Assignment: Within the listing below, give again exactly the lines between the one containing "ほっこりキャラで人気のすみっ" and the one containing "APS-Cデジタルに取り付け", inclusive, pictures left aside.

══ Study material

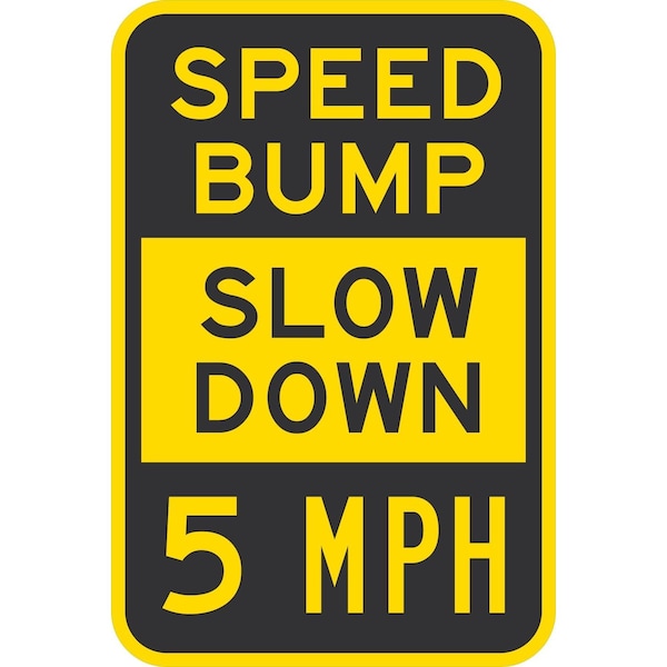 Speed Bump Slow Down 5 Mph, 12x18, Engineer Grade, Yellow
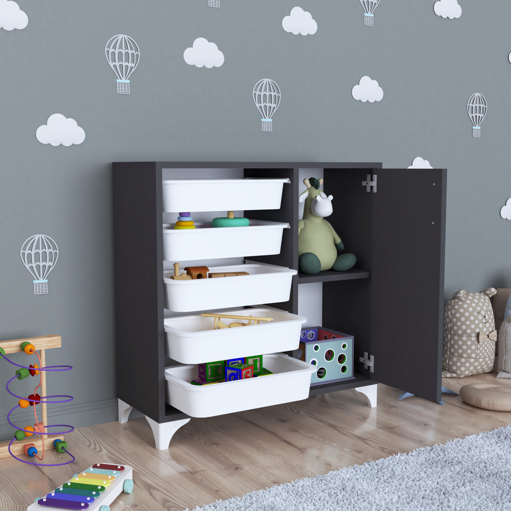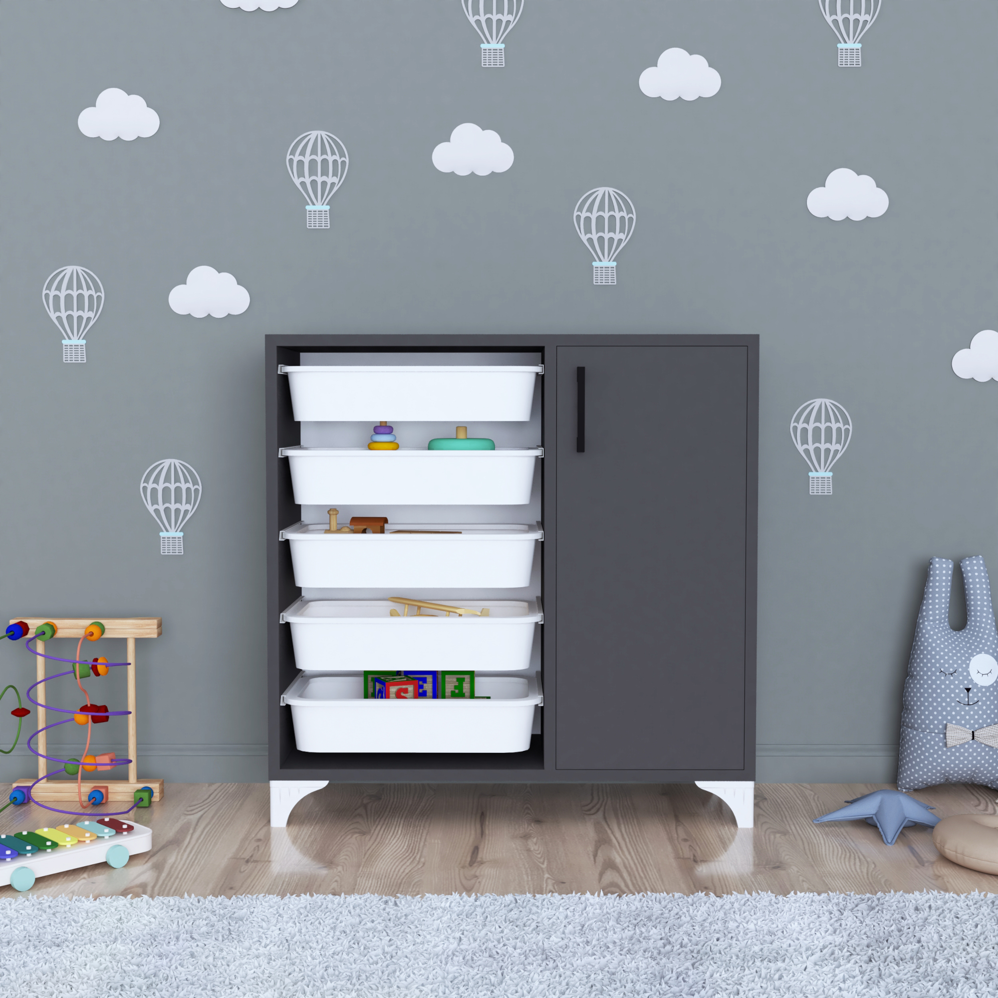Este prevazut cu 1 usa si 5 cosuri generoase pentru depozitare. Este ideal in camera copilului, pentru depozitarea ordonata a jucariilor, cartilor sau obiectelor personale. Designul bine gandit asigura spatiu suplimentar depozitare in interiorul dulapului.
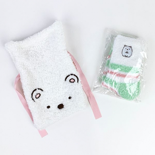 ほっこりキャラで人気のすみっコぐらしから、巾着入りのもこもこ靴下が入荷しました!
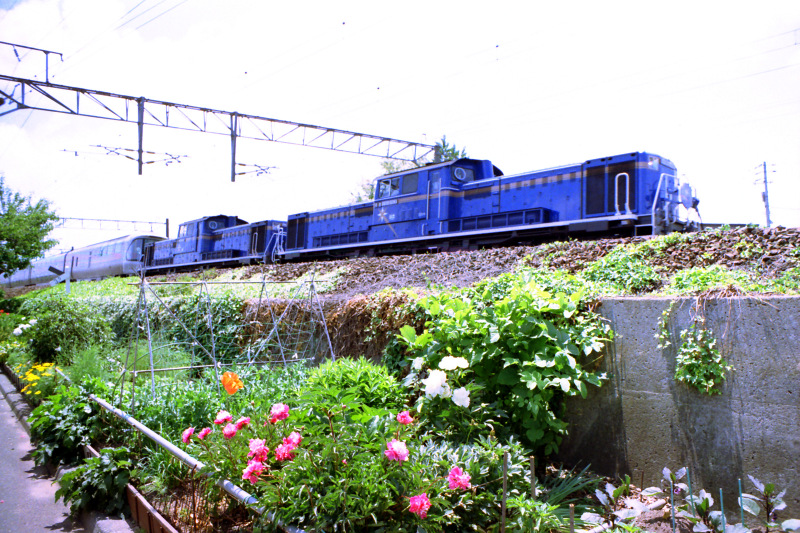 APS-Cデジタルに取り付けた場合、フィルム換算で約350mm相当の準超望遠域による圧縮効果で編成がカーブに差し掛かったところをキレイにまとめることができました。
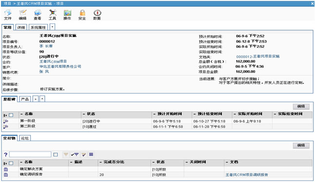VamCRM提供專業(yè)的項(xiàng)目管理模塊,支持項(xiàng)目范圍管理、時(shí)間管理、資源管理、質(zhì)量管理、成本管理。支持以銷售合約為驅(qū)動(dòng)、過(guò)程清晰、全程受控的項(xiàng)目管理方式為客戶交付產(chǎn)品和服務(wù)。VamCRM融入成熟的項(xiàng)目管理方法和成功的實(shí)踐經(jīng)驗(yàn),從整體上對(duì)項(xiàng)目進(jìn)行規(guī)劃、組織、執(zhí)行、控制,使企業(yè)可以更加優(yōu)質(zhì)地為客戶提供長(zhǎng)期的服務(wù)。項(xiàng)目創(chuàng)建后,VamCRM系統(tǒng)會(huì)自動(dòng)生成一個(gè)與當(dāng)前項(xiàng)目相匹配的文件夾,為項(xiàng)目執(zhí)行過(guò)程中產(chǎn)生的交付物或項(xiàng)目的有關(guān)文檔提供統(tǒng)一的存檔位置;項(xiàng)目全程融合項(xiàng)目管理的方法,分里程碑管理項(xiàng)目活動(dòng)和交付物,實(shí)時(shí)統(tǒng)計(jì)項(xiàng)目的關(guān)鍵數(shù)據(jù),并且里程碑及所屬活動(dòng)和交付物等都可分狀態(tài)量化標(biāo)識(shí),對(duì)項(xiàng)目進(jìn)展做到實(shí)時(shí)監(jiān)控,避免了在項(xiàng)目實(shí)施中的“救火”行動(dòng)和盲目發(fā)展。也可自動(dòng)關(guān)聯(lián)記錄并統(tǒng)計(jì)所有項(xiàng)目進(jìn)展過(guò)程中發(fā)生的預(yù)算與費(fèi)用,實(shí)現(xiàn)項(xiàng)目費(fèi)用清晰可控。伴隨著項(xiàng)目的進(jìn)程,可以記錄所有在項(xiàng)目執(zhí)行過(guò)程中相關(guān)的聯(lián)系人、文檔、備忘錄等數(shù)據(jù),形成完整的項(xiàng)目?jī)?nèi)容集合。項(xiàng)目中還包括基于項(xiàng)目的論壇,供項(xiàng)目組成員就項(xiàng)目的相關(guān)問(wèn)題進(jìn)行在線交流,同時(shí),項(xiàng)目管理全程與企業(yè)高效協(xié)同的業(yè)務(wù)流程無(wú)縫集成,能夠使企業(yè)的相關(guān)部門以項(xiàng)目為導(dǎo)向,集中所有資源高效協(xié)同服務(wù),大大降低項(xiàng)目執(zhí)行風(fēng)險(xiǎn)。
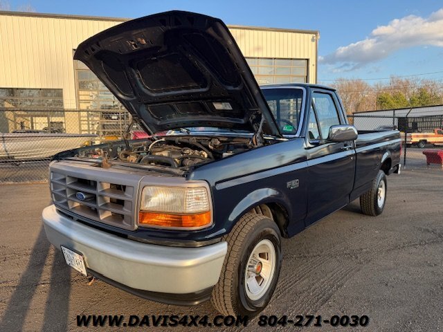 This regular cab long bed pickup is an above-average example that earned its place on our lot thanks to its cleanliness, reasonably low original miles, local ownership, and well-documented history. It is powered by the dependable 4.9L inline-six fuel-injected engine paired with a manual 5-speed transmission, known for durability and ease of service. The truck is equipped with a spray-in bedliner, dual fuel tanks, rear bumper with ball mount, and a clean cloth bench seat showing minimal wear, complemented by a durable rubber floor mat. The dashboard is in excellent condition with no cracks, aside from one very small fingernail-sized blemish. With just 99,000 original miles, this truck has also received a full professional repaint by one of the best shops in the area to correct the known factory paint issues common to these model years. A substantial file of maintenance records and documentation—nearly an inch thick—will accompany the truck, reflecting consistent upkeep and careful ownership.
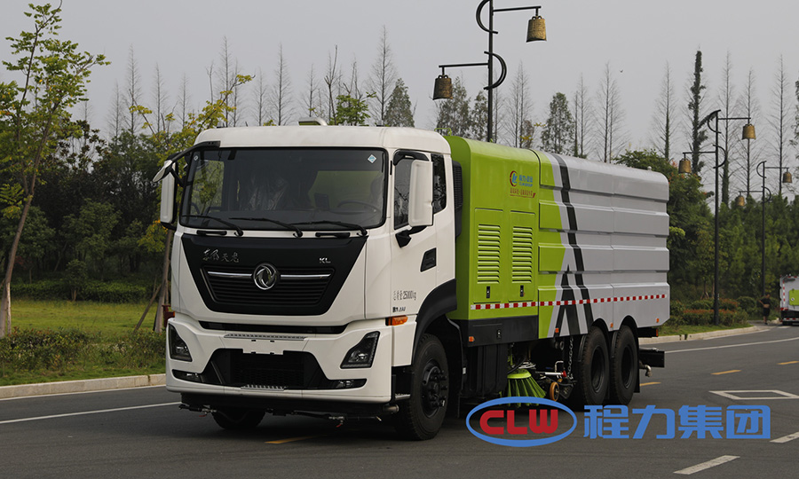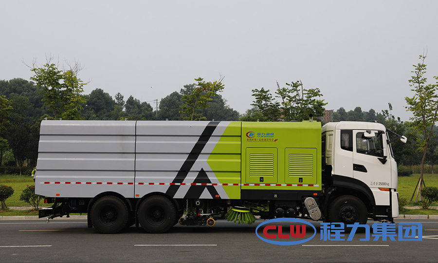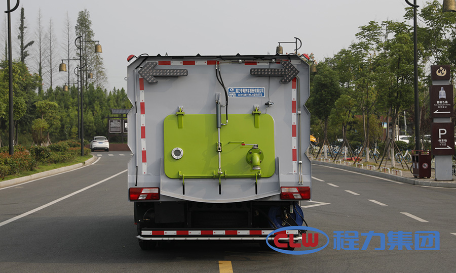 該車是采用東風天龍底盤改裝而成,集掃路車、灑水車和高壓清洗車功能于一體,具備路面清掃、路面洗刷、高壓清洗、低壓沖洗、路緣石洗刷、垃圾收集、污水回收、噴霧降塵和道路隔離墻清洗、小廣告清洗等多種作業(yè)功能。具有先進的智能化一鍵控制技術,全部作業(yè)均在駕駛室內完成,作業(yè)時,只需選定作業(yè)模式后,各作業(yè)機構的啟動與關停由程序自動控制。有“全洗掃”、“左洗掃”、“右洗掃”、“全掃”、“左掃”和“右掃”、“全洗”、“左洗”和“右洗”9種作業(yè)模式可供選擇。
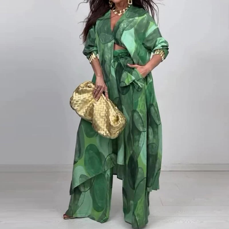 FASHIONABLE PRINT DESIGN: This set makes a bold style statement with an artistic, abstract print. The coordinated pattern creates a harmonious overall look and lends the outfit a distinctive aesthetic that stands out from typical resort looks.
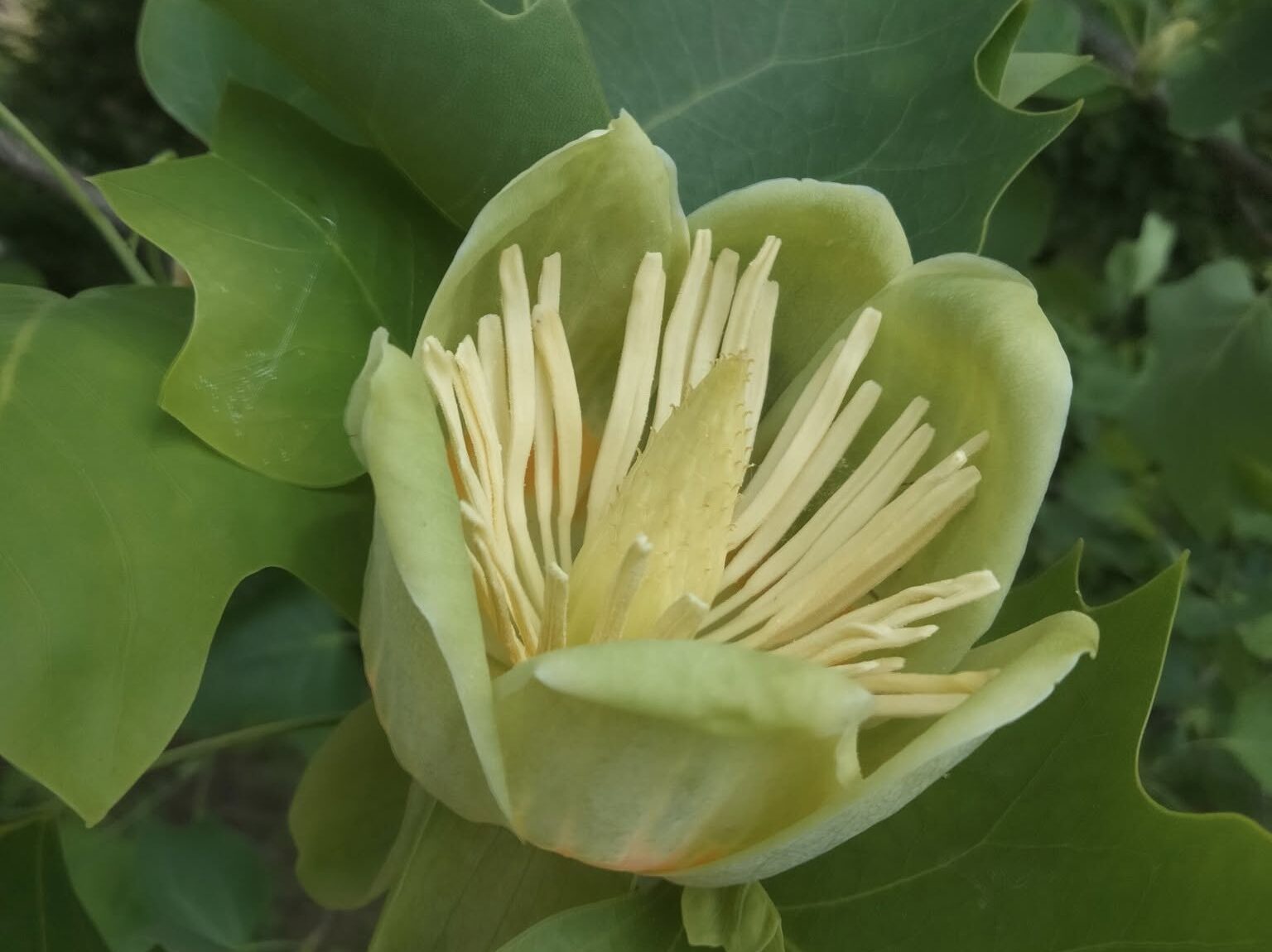 У ботанічному саду Дніпровського національного університету почало квітувати тюльпанове дерево (ліріодендрон). Таку назву воно носить не випадково. Адже квіточки за своєю формою нагадують тюльпани. Світлинами квітування поділився директор ботанічного саду Анатолій Кабар.
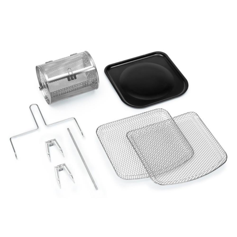 Também inclui 6 acessórios: 2 bandejas de assar, bandeja de recolha de óleo, pinças extractoras, cesto redondo giratório de 2,9L e ganchos de assar.
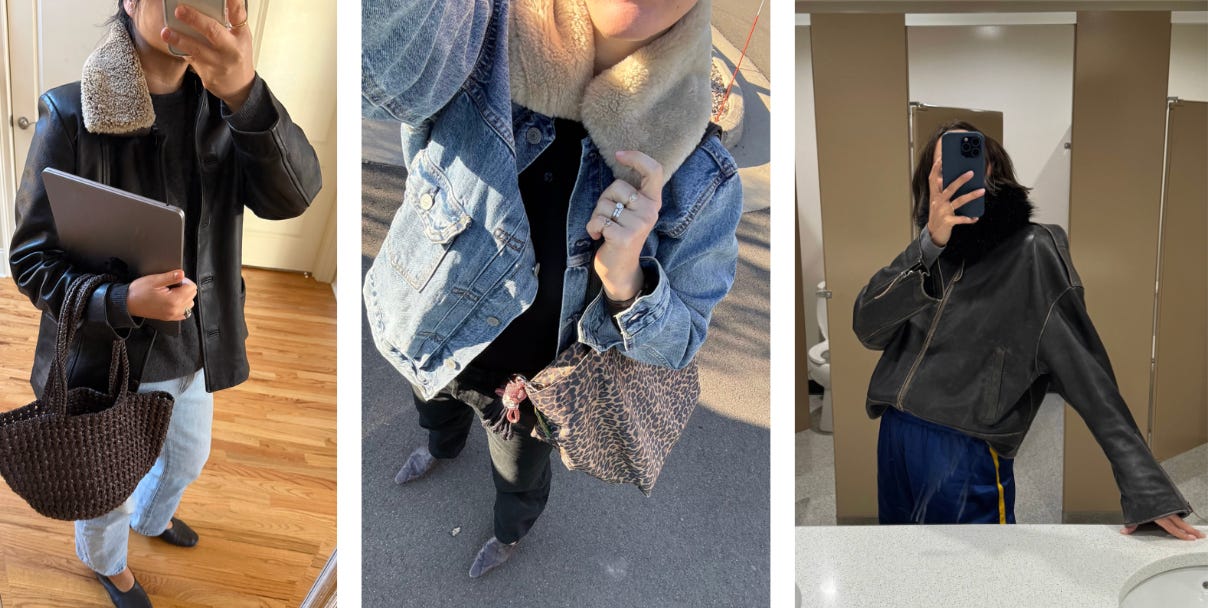 Repurpose a shearling or fur collar and add to any jacket - We all probably have one attached to an old coat or vintage jacket. I find that sometimes the garment it originally came attached to isn’t exactly how we want to wear it but it could be perfect for another piece!
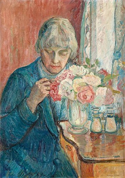 | Kris syr (Dam vid rosbukett ) (Kris sewing / Lady by a bouquet of roses). | |
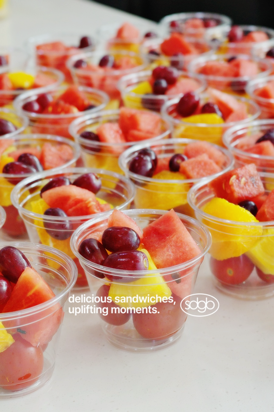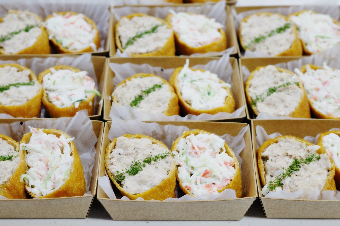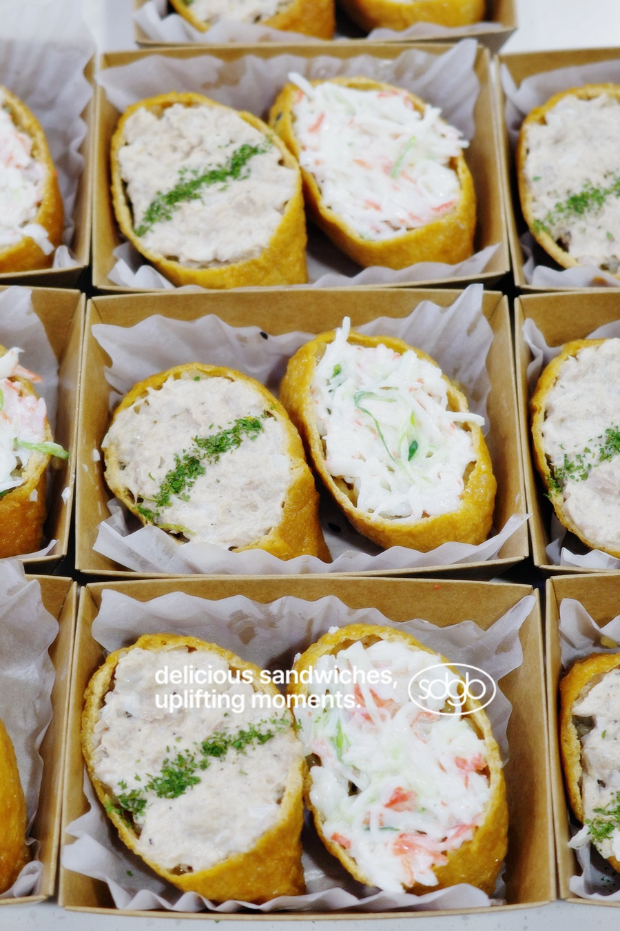 - "베이직샌드 1p + 토핑유부(: 게살유부, 콘마요) 2p + 과일컵 + 버터쿠키" 30ea 준비했습니다.
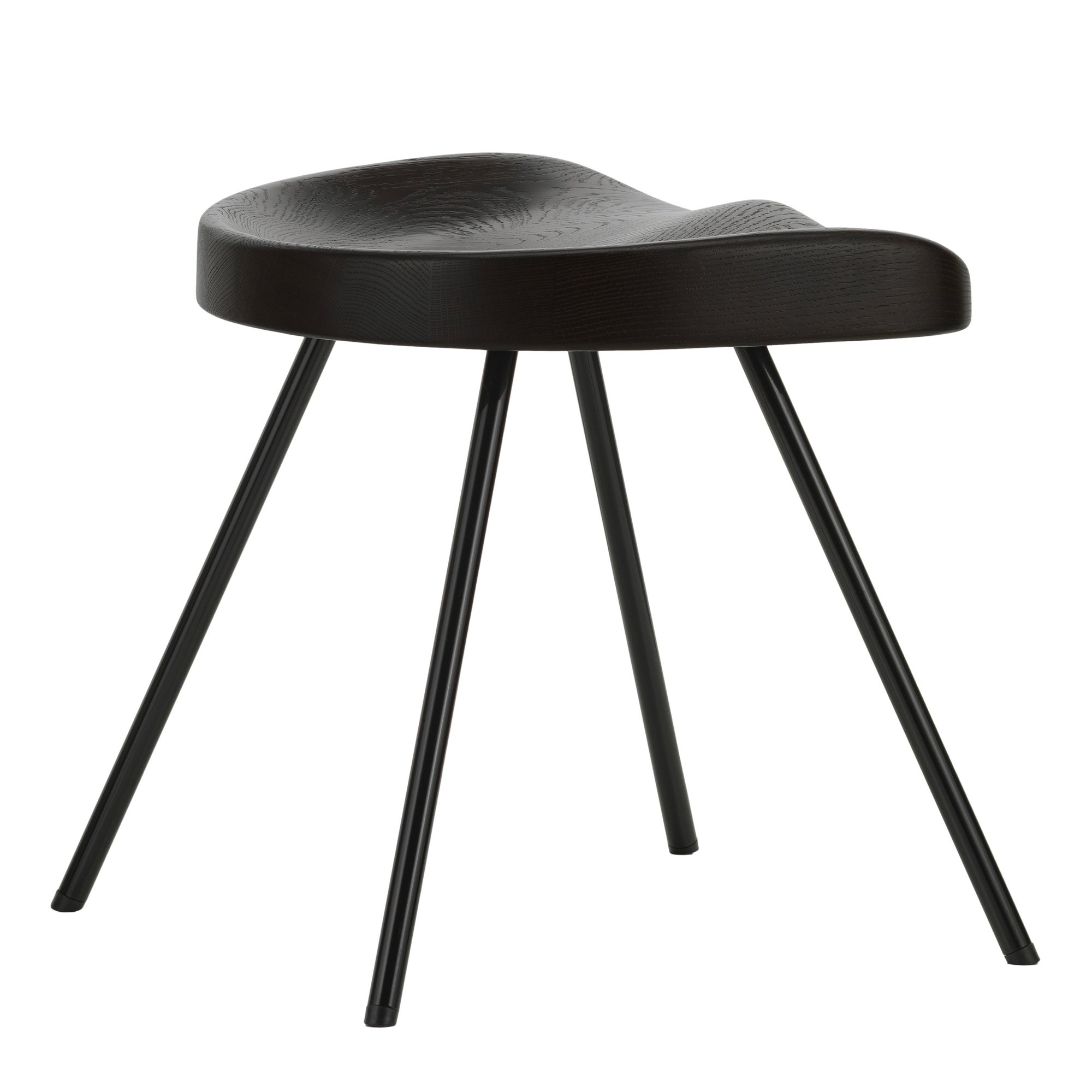 Der Tabouret N° 307 ist in zwei Versionen erhältlich: Mit Sitz in heller Eiche und Untergestell in Prouvé Colombe oder mit Sitz in dunkler Eiche und Untergestell in tiefschwarz
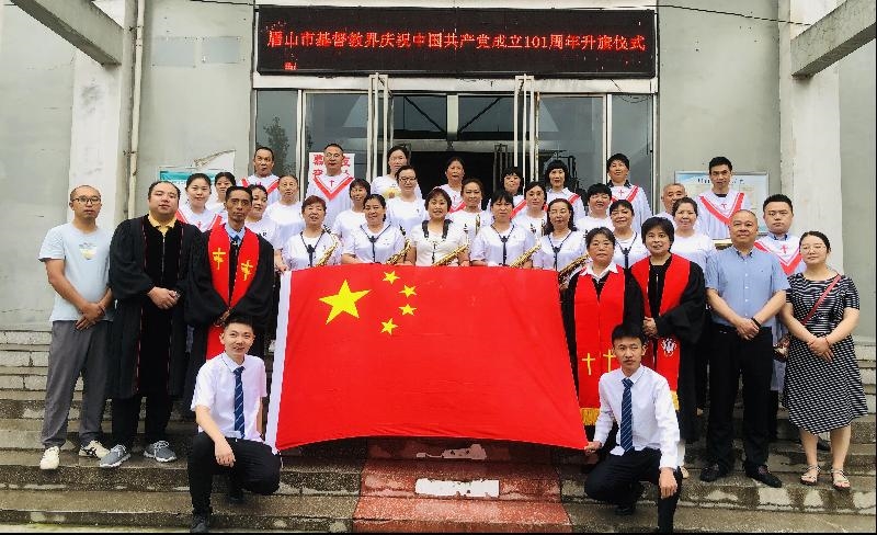 7月1日上午,眉山市民宗局组织全市基督教教职人员和堂点负责人等30余人在东坡区太和基督教堂举行了集中升国旗仪式。全市各宗教活动场所均举行了升国旗仪式。

════

Your response:
 ほっこりキャラで人気のすみっコぐらしから、巾着入りのもこもこ靴下が入荷しました!
 APS-Cデジタルに取り付けた場合、フィルム換算で約350mm相当の準超望遠域による圧縮効果で編成がカーブに差し掛かったところをキレイにまとめることができました。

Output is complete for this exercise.